New Delhi, Aug 3 - India's 30-year Rs.91,684 crore (Rs.916.84 billion/$19.25 billion) plan that aims to make it the global leader in solar energy is coming up for the nod by the Prime Minister's Council on Climate Change here Monday evening.
A background note circulated to members of the council before the meeting says the National Solar Mission will add 20,000 MW of generation capacity by 2020 and make it as cheap as electricity from conventional sources.
The outlay will be with Rs.10,130 crore in the current Five Year Plan (ending 2012), Rs.22,515 crore in the 2012-2017 second phase, and Rs.11,921 crore in the 2017-2020 third phase.
The plan is to raise this by taxing fossil fuels, mainly coal. The objectives of the programme include:
* 20,000 MW of installed solar generation capacity by 2020 and 100,000 MW by 2030; 200,000 MW by 2050
* Solar power cost reduction to achieve grid tariff parity by 2020
* Achieve parity with coal-based thermal power generation by 2030
* 4-5 GW of installed solar manufacturing capacity by 2017.
The plan is to develop solar energy in India in three phases.
'The objective in Phase I (2009-12) will be to achieve rapid scale up to drive down costs, to spur domestic manufacturing and to validate the technological and economic viability of different solar applications,' says the note.
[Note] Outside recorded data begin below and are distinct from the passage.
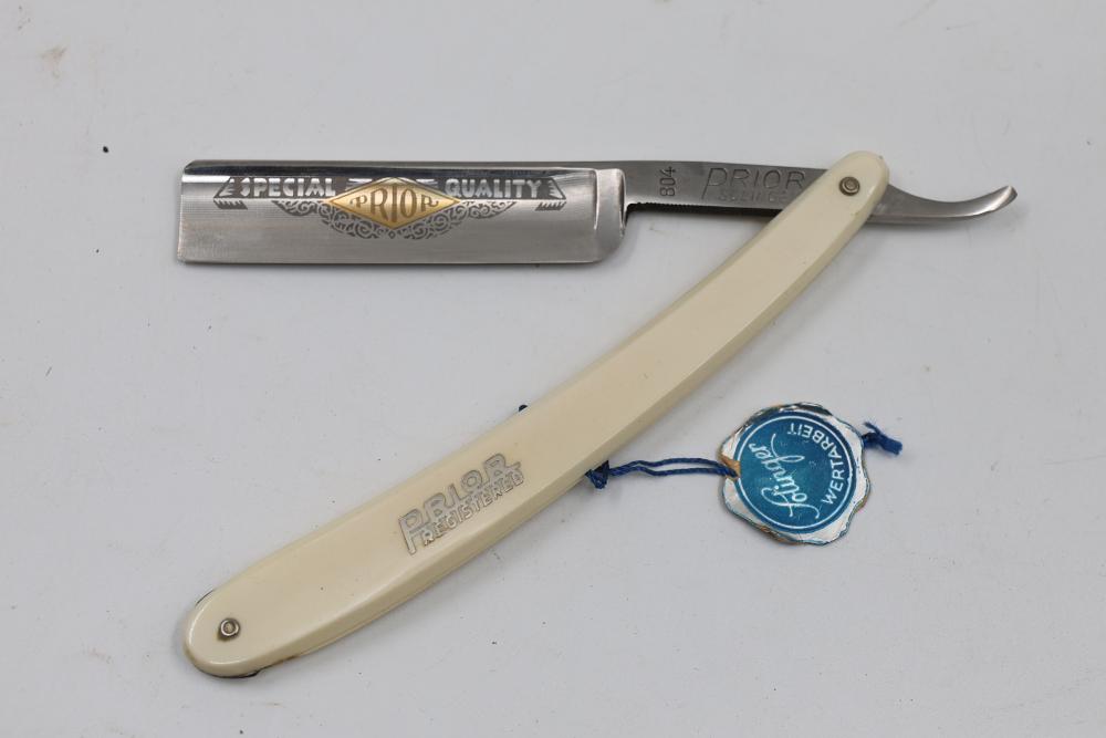 Eleven Straight Razors and One Hair Shaper with makers marks from Prior, Romo, and Wade & Butcher, featuring celluloid and horn scales, hollow, and wedge blades. One with mother of pearl blade end from The J.R. Torrey Razor Co. Includes multiple cases. Pickup only.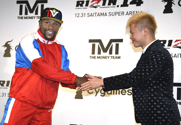 メイウェザーと那須川天心(C)共同通信社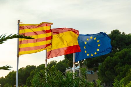 Flags of the EU European Union, Spain and Catalonia waving in sky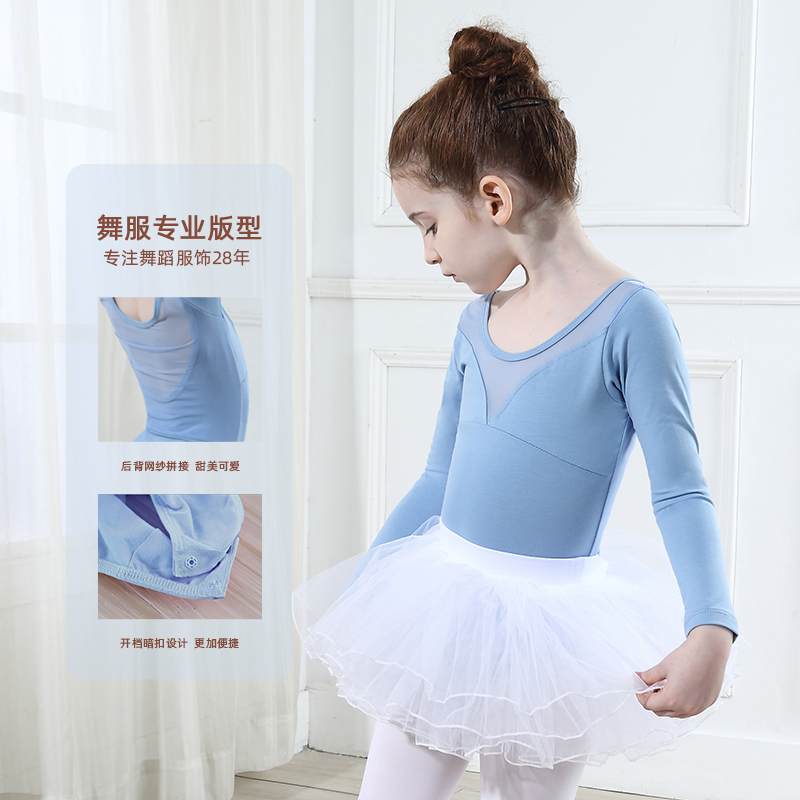 Pakaian dansa anak-anak, pakaian latihan musim gugur dan musim dingin rok menari lengan panjang baju dansa China rok performa pettiskirt balet

This will be done through promotion of commercial scale solar utility plants, mandated deployment of solar rooftop or on-site solar PV (photovoltaic) applications in government and public sector undertaking buildings, promotion of these applications in other commercial buildings, and mandating that at least five percent of power generating capacity being added every year will be through solar sources.
Vacant land in existing power plants will be used for this purpose, and anybody who produces solar power at home or office will be able to sell the excess back to the power distributor.
Solar PV panels will be promoted to charge invertors at homes and offices.